Does that make us a representation of adolescence that needs adult supervision – like Uncle Sam’s? And it is manifested in our failure in self-government? The evidence?

The rest of the world are in awe of our neighbors, the Asian tigers. And while we claim we have the longer experience in self-government, we are the regional laggard! Why haven’t we benchmarked and learned from the Asian tigers?

Benchmarking is about picking and choosing best practices, not the expectation of perfection – which we want to see in our neighbors? Benchmarking doesn’t work when the mindset is fixed as it does with a growth mindset. Benchmarking doesn’t work when the mindset is fixed as it does with a growth mindset.

And a Filipino educator’s comment to the writer would reveal how we keep shooting ourselves in the foot.

“That practice I just discussed has no Philippine example and so it would be a hard sell. It is not uncommon for us in the academic community to hear: has anyone tried that in the Philippines yet?”

Does it explain why we haven’t done much of the good stuff our neighbors have done? If we can’t toss our parochial mindset, biases and values – i.e., hierarchy over an egalitarian ethos, political patronage over good governance, and oligarchy over a competitive economy – should we remind ourselves how Einstein defined insanity?
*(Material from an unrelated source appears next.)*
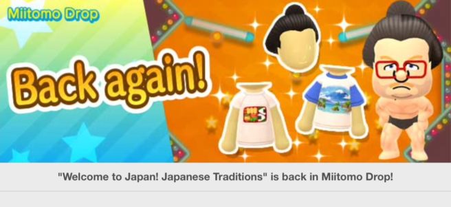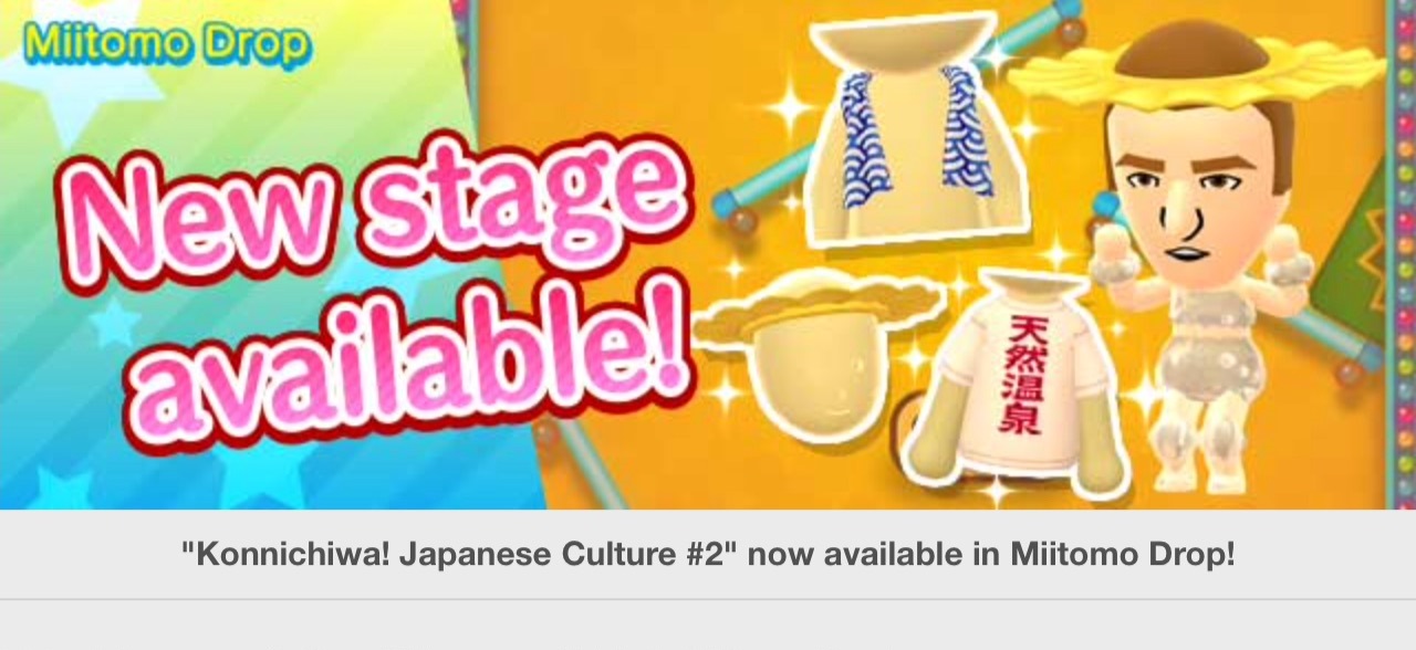 Miitomo has been updated with new content. Players can nab the latest items in the Miitomo Drop stage, “Konnichiwa! Japanese Culture #2”.

It is worse than simply being an adolescent.

Are we outraged yet? That we've allowed Juan de la Cruz to be so vulnerable that we need the adult supervision of an Uncle Sam? Yet like the Asian tigers, Uncle Sam isn't perfect.

That is why there is evolution and extinction and survival of the fittest. It is not the strongest or the most intelligent that survives, but the most adaptable to change. We Pinoys are on a very slippery slope? We have to wake up from the stupor!